Tip 15: Apply the 200-day moving average
When it comes to swing trading, you are primarily interested in the medium to long-term picture. A simple way to determine whether you should be bullish or bearish is to use the 200-day moving average. If price is currently above it, then you should be bullish. Conversely, if price is below it, then you should be bearish.
Tip 16: Pay attention to volatility.
You want to enter a position as volatility is expanding. This way, you have a chance to catch a big move as the market starts to trend. You could use the Bollinger band to help determine this.
Tip 17: The more obvious the pattern, the less likely it is going to work.
The harsh truth about trading is that even the “perfect” setup can fail. This is especially so for patterns that are obvious. Institutional traders know how retail traders perceive these patterns and hence make use of these patterns to build their positions.
See a double bottom over here?? Well, in this example, watch how institutional traders were triggering stop losses while accumulating their position here.
Tip 18: Changes in market conditions usually take some time.
Trends rarely just stop and do a 360 degree reversal. Reversals build slowly as traders are all conditioned to trade with the trend. It usually takes a period of distribution before the market starts to reverse.
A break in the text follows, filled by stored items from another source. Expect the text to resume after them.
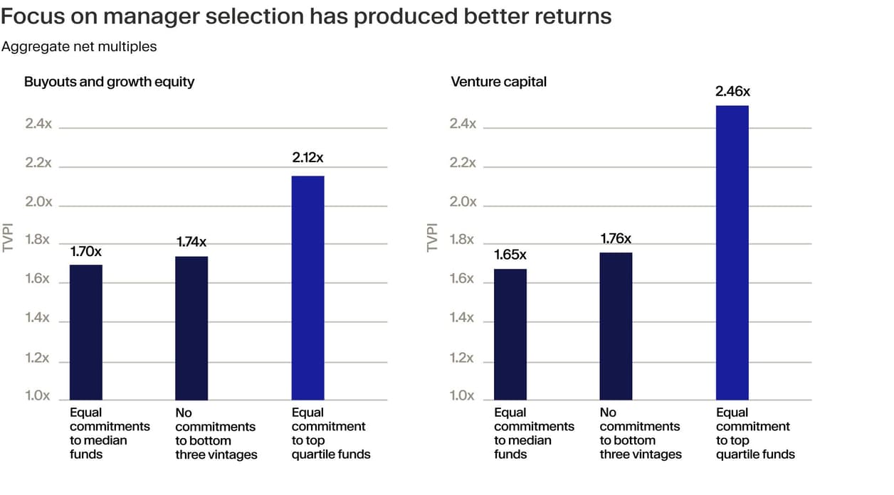 Beyond the return implications, there is also a structural consequence to skipping vintages. Private market allocations depend on a careful pacing strategy to balance commitments, capital calls and distributions over time. Because these cash flows are irregular, maintaining target allocations requires consistent commitment activity.
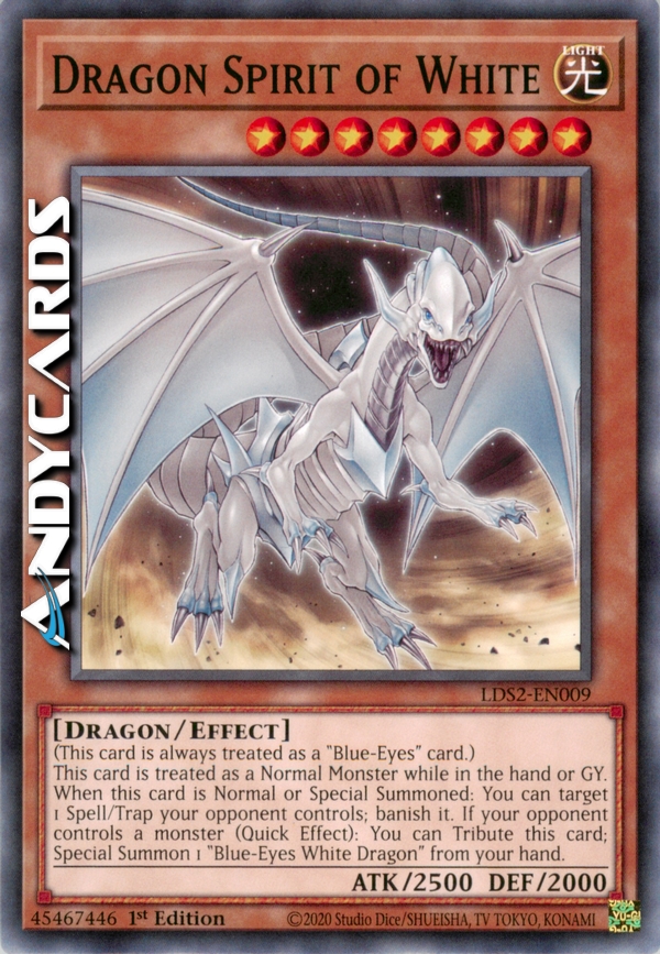 This card is treated as a Normal Monster while in the hand or GY. When this card is Normal or Special Summoned: You can target 1 Spell/Trap your opponent controls; banish it. If your opponent controls a monster (Quick Effect): You can Tribute this card; Special Summon 1 "Blue-Eyes White Dragon" from your hand.
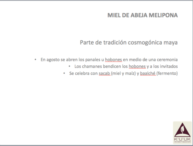 | La abeja melipona se diferencia del resto de las familias de abejas porque carece de aguijón y su tamaño es ligeramente menor que el de las africanas o europeas. Por estas características, es sensible a la invasión de otras especies, a animals superiores o infestaciones de otros insectos, además que es de caracter pacífico y poco territorial. Como resultado, los mayas la nombraban Señora de la Miel, cuyo dios protector era Ah Musen Cab. |

Tip 19: Always have a stop loss when trading
There is no certainty in trading and any trade has the potential to be a loser, no matter how perfect the setup looks. Always remember that we are dealing with probabilities and so it is important that you have a stop loss in place to protect your account.
Tip 20: Don’t count your profits until they are booked
A common mistake made by amateur traders is that they get all excited and think about the things they could buy with the unrealized profits sitting in their account.
Except that these unrealized profits never materialize into actual profits as trader gives back majority of the profit when the market pulls back. Never count a trade a winner until the trade is closed.
Tip 21: Trading is not a job where you get paid for the hour or based on how hard you work.
The market only pays you when you are right. It doesn’t care how long you waited for the setup or how long you took to analyze the charts. Seeing trading as a job will cause you to force trades as you feel compelled to work for your profits.
Tip 22: Never revenge trade.
Each new position should be taken based on its own merits. The outcome of the previous trades should not affect your decision in any way. When dealing with your losses, stay composed and if necessary, take some time off the market. Revenge trading is simply gambling and that’s not the right way to approach the markets.
Tip 23: Understand that each trading strategy has it pros and cons.
Recognize that there is no holy grail, no secret trading formula that can win all the time. What you need is a strategy that places the odds in your favor. Combined with good risk management and flawless execution, that’s how professional traders make money.
Tip 24: Focus on mastering yourself.
Learning to read charts and price action is relatively easy, you could pick that up within a month or so. But most traders fail not due to a lack of knowledge, they fail due to a lack of discipline. The lack of discipline to apply proper risk management, the lack of discipline to stick to their trading strategy and so on.
Discipline is one of the hardest things to master and is also the most important element in trading. You want to focus more on mastering your emotions and discipline.
And lastly, we have tip 25 which is to not trade for excitement. Successful trading is actually boring. You patiently wait for each setup then you execute the same setup day in and day out. And while you are waiting for the trade to move, you wait yet again.
You are just sitting there and allowing the market to come to you rather than chasing after the market.